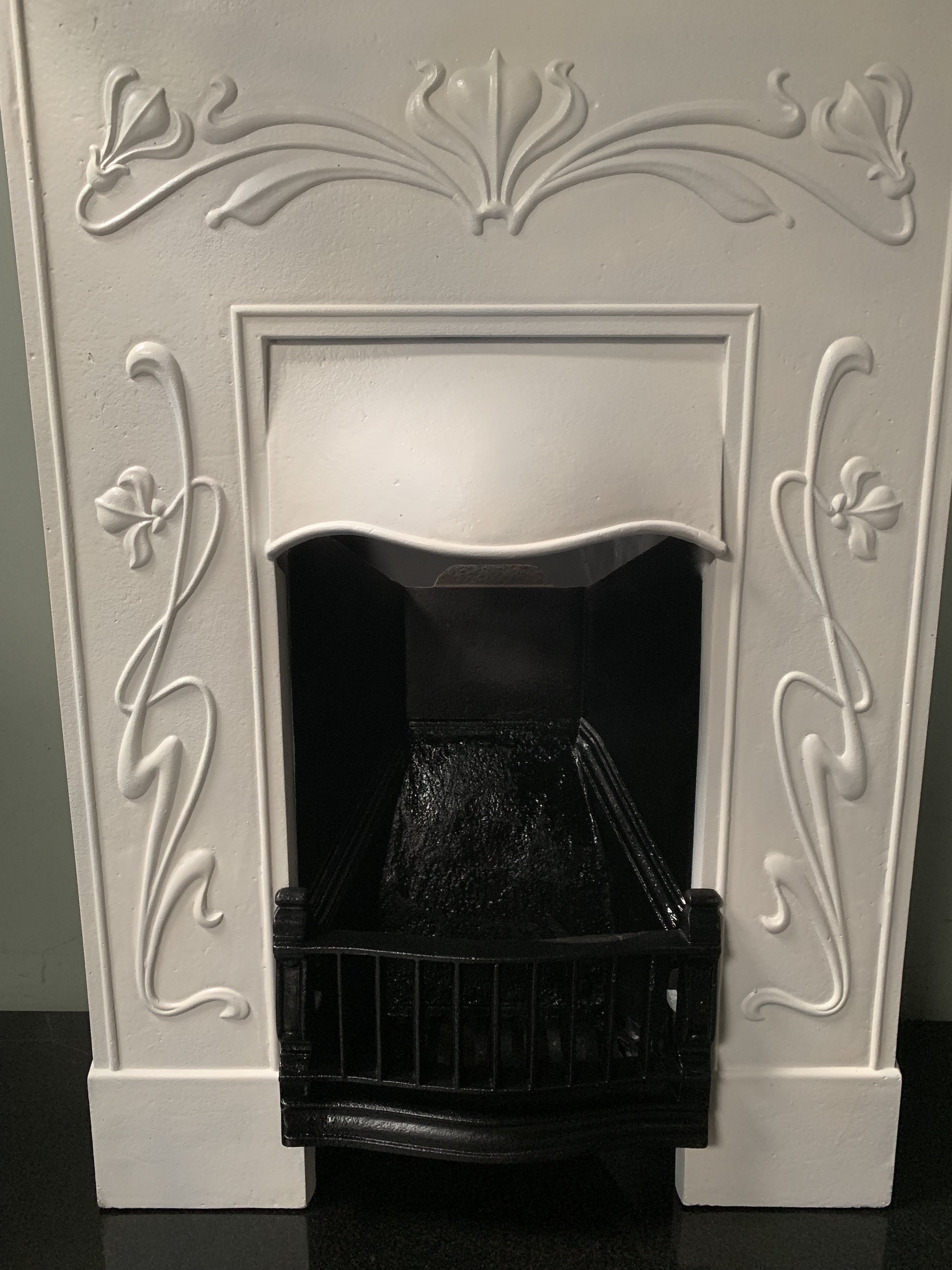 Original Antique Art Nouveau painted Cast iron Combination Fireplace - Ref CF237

==

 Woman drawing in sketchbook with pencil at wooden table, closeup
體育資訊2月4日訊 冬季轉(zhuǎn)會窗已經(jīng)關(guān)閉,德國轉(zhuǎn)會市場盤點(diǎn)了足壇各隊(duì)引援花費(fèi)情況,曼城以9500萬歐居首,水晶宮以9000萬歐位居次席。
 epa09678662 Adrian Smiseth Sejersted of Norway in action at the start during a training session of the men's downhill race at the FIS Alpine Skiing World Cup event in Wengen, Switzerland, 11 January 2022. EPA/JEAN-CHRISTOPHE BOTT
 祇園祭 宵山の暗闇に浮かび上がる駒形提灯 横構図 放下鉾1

# ACTION ITEM
Copy out only the lines of the records above from the one with "體育資訊2月4日訊 冬季轉(zhuǎn)" through the one with "祇園祭 宵山の暗闇に浮かび上がる駒形提灯 横構図 放下鉾1", exactly as they stand, both included.

# RESULT OF THIS EXERCISE
體育資訊2月4日訊 冬季轉(zhuǎn)會窗已經(jīng)關(guān)閉,德國轉(zhuǎn)會市場盤點(diǎn)了足壇各隊(duì)引援花費(fèi)情況,曼城以9500萬歐居首,水晶宮以9000萬歐位居次席。
 epa09678662 Adrian Smiseth Sejersted of Norway in action at the start during a training session of the men's downhill race at the FIS Alpine Skiing World Cup event in Wengen, Switzerland, 11 January 2022. EPA/JEAN-CHRISTOPHE BOTT
 祇園祭 宵山の暗闇に浮かび上がる駒形提灯 横構図 放下鉾1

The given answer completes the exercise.